全局匹配

Perl在默认情况下,匹配一次成功后就会立即退出匹配。例如,对于下面的正则匹配来说:

"abcabc" =~ /ab/

匹配到第一个ab后就结束正则匹配。

如果想要继续匹配第二个ab,就需要进行全局匹配。使用g修饰符可以让正则进入全局匹配工作模式:匹配完第一个ab,继续向后匹配,直到匹配完成功或匹配结束。

当使用了全局修饰符g时,在标量上下文中,正则匹配返回表示匹配成功与否的值,在列表上下文中,如果匹配成功,则返回全局匹配成功的内容列表或小括号分组捕获的内容。

因此,想要查看全局匹配的匹配结果,将其放在列表上下文即可:

my @arr = "abcabc" =~ /ab/g;  # 匹配返回qw(ab ab)
say "@arr";  # ab ab

或者,使用循环匹配的方式来验证全局匹配中的每次匹配结果:

my $name="aAbBcCaBc";
while($name =~ m/ab/gi){
  say "pre match : $`";
  say "match     : $&";
  say "post match: $'";
}

执行它,将输出如下内容:

pre match : a
match     : Ab
post match: BcCaBc
pre match : aAbBcC
match     : aB
post match: c

在开启了g全局匹配后,perl会在每次匹配成功后记下匹配的偏移位置,以便下次匹配时可以从该位移处继续向后匹配。

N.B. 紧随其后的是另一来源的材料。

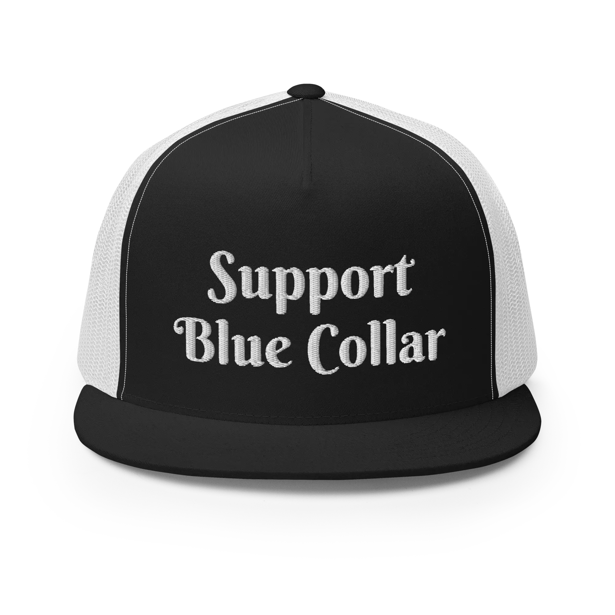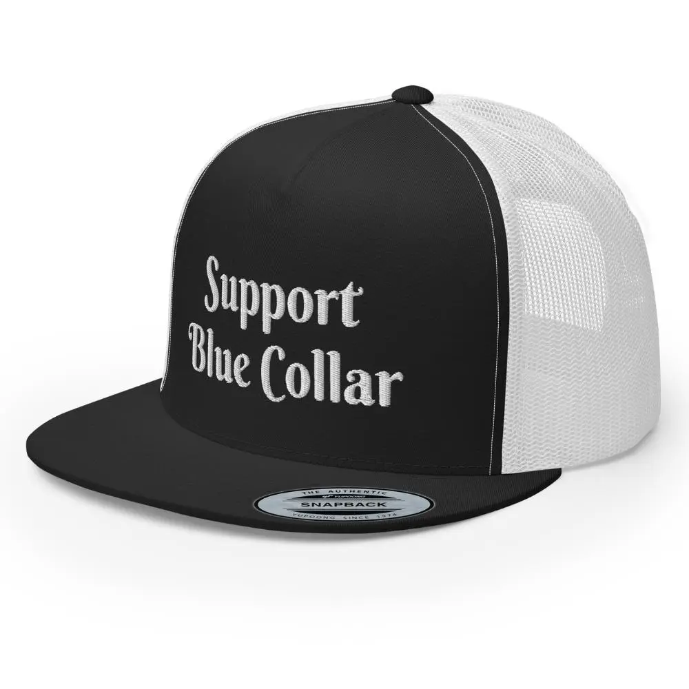 RIVEMUG NG Support Blue Collar Flat Bill Trucker Hat High Crown Adjustable Cap blue collar

每次匹配成功后的位移值,都可以通过pos()函数获取。偏移值从0开始算,0位移代表的是第一个字符左边的位置。如果本次匹配导致位移指针重置,pos将返回undef。

my $name="123ab456";
$name =~ m/\d\d/g;     # 第一次匹配,匹配成功后记下位移
say "matched: $&, pos: ",pos $name;
$name =~ m/\d\d/g;     # 第二次匹配,匹配成功后记下位移
say "matched: $&, pos: ",pos $name;

执行它,将输出如下内容:

matched: 12, pos: 2
matched: 45, pos: 7

匹配失败的时候,正则匹配操作会返回假,所以可以作为if或while等的条件语句来终止全局匹配。例如:

my $name="123ab456";
while($name =~ m/\d\d/g){
  say "matched: $&, pos: ",pos $name;
}

c修饰符

默认全局匹配情况下,当本次匹配失败,便宜指针将重置到起始位置0处,也就是说,下次匹配将从头开始匹配。例如:

my $txt="1234a56";
$txt =~ /\d\d/g;      # 匹配成功:12,位移向后移两位
say "matched $&: ",pos $txt;
$txt =~ /\d\d/g;      # 匹配成功:34,位移向后移两位
say "matched $&: ",pos $txt;
$txt =~ /\d\d\d/g;    # 匹配失败,位移指针回到0处,pos()返回undef
say "matched $&: ",pos $txt;
$txt =~ /\d/g;        # 匹配成功:1,位移向后移1位
say "matched $&: ",pos $txt;

执行上述程序,将输出:

matched 12: 2
matched 34: 4
matched 34:   #<-- warning: use undef value
matched 1: 1

如果g修饰符下同时使用c修饰符,也就是gc,它表示全局匹配失败的时候不重置位移指针。也就是说,本次匹配失败后,位移指针会卡在原处不动,下次匹配将从这个位置处开始匹配。

my $txt="1234a56";
$txt =~ /\d\d/g;
say "matched $&: ",pos $txt;
$txt =~ /\d\d/g;
say "matched $&: ",pos $txt;
$txt =~ /\d\d\d/gc;   # 匹配失败,$&和pos()保留上一次匹配成功的内容
say "matched $&: ",pos $txt;
$txt =~ /\d/g;        # 匹配成功:5
say "matched $&: ",pos $txt;
$txt =~ /\d/g;        # 匹配成功:6
say "matched $&: ",pos $txt;
$txt =~ /\d/gc;        # 匹配失败
say "matched $&: ",pos $txt;

执行上述程序,将输出:

matched 12: 2
matched 34: 4
matched 34: 4
matched 5: 6
matched 6: 7
matched 6: 7

\G反斜线序列

如果上面第三个匹配语句不是/\d\d\d/gc,而是/\d/g,它匹配字母a的时候也失败,但是最终它会匹配成功。因为,它会继续先后匹配,直到匹配成功或匹配结束。

my $txt="1234ab56";
$txt =~ /\d\d/g;
say "matched $&: ",pos $txt;
$txt =~ /\d\d/g;
say "matched $&: ",pos $txt;
$txt =~ /\d/g;   # 字母a匹配失败,后移一位,字母b匹配失败,后移一位,数值5匹配成功
say "matched $&: ",pos $txt;
$txt =~ /\d/g;   # 数值6匹配成功
say "matched $&: ",pos $txt;

执行上述程序,将输出:

matched 12: 2
matched 34: 4
matched 5: 7
matched 6: 8

实际上,全局匹配时,默认情况下,如果当前字符匹配失败,将会后移继续去匹配,直到匹配成功或匹配结束。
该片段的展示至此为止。